_What to work on_
Leaving out all pictures, give again each line exactly, from the start of the listing through the line that contains "2025秋冬新款时尚宽松百搭V领女士100纯羊毛拉绒毛衣针织打底衫".

_Data extract_
____________
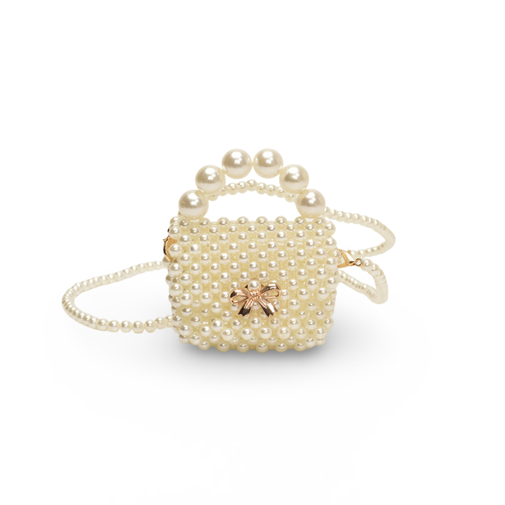This Pearl Embellished Mini Handle Bag features an all-over pearl design that creates an elegant and luxurious look. The compact, rounded shape combined with delicate pearl details makes it a standout accessory for refined and feminine styles.
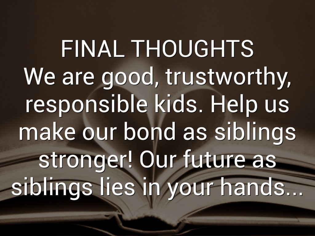 We are good, trustworthy, responsible kids. Help us make our bond as siblings stronger! Our future as siblings lies in your hands...
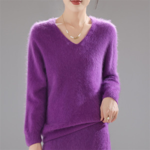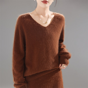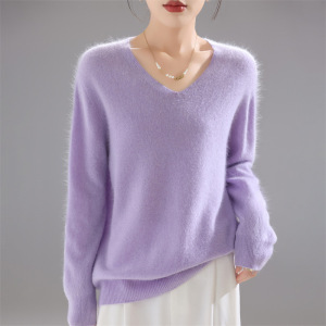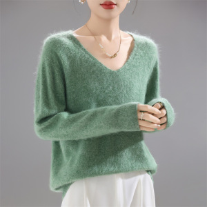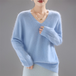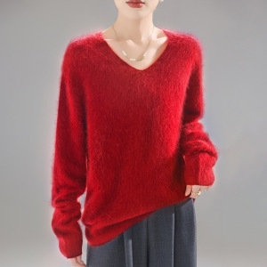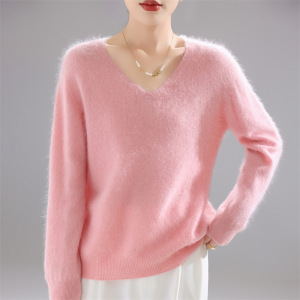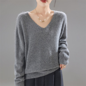 2025秋冬新款时尚宽松百搭V领女士100纯羊毛拉绒毛衣针织打底衫
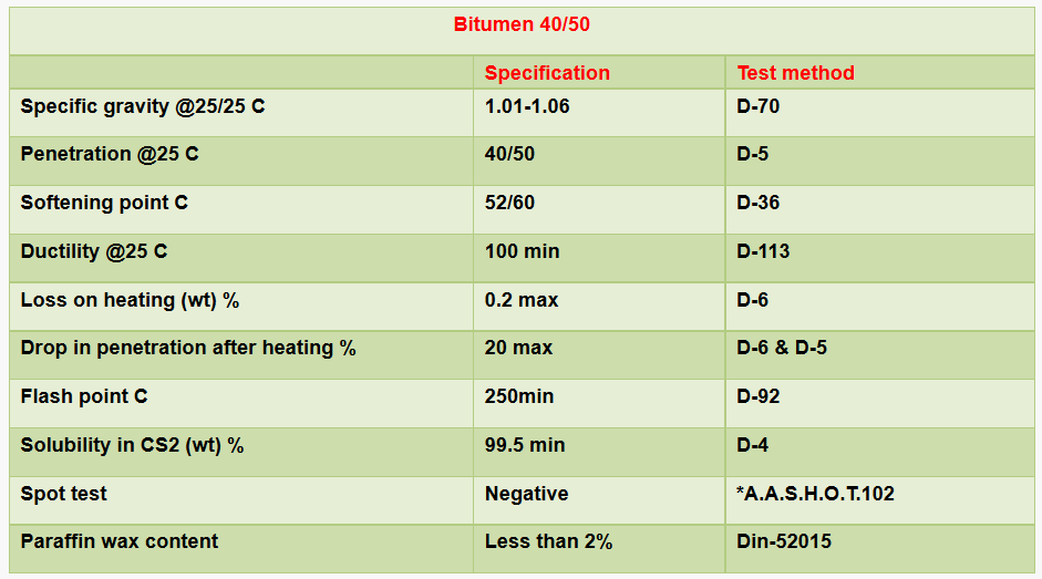 در ادامه، به برخی از ویژگی های قیر با درجه نفوذ ۵۰-۴۰ اشاره می کنیم:
____________
_Response to this task_
This Pearl Embellished Mini Handle Bag features an all-over pearl design that creates an elegant and luxurious look. The compact, rounded shape combined with delicate pearl details makes it a standout accessory for refined and feminine styles.
 We are good, trustworthy, responsible kids. Help us make our bond as siblings stronger! Our future as siblings lies in your hands...
 2025秋冬新款时尚宽松百搭V领女士100纯羊毛拉绒毛衣针织打底衫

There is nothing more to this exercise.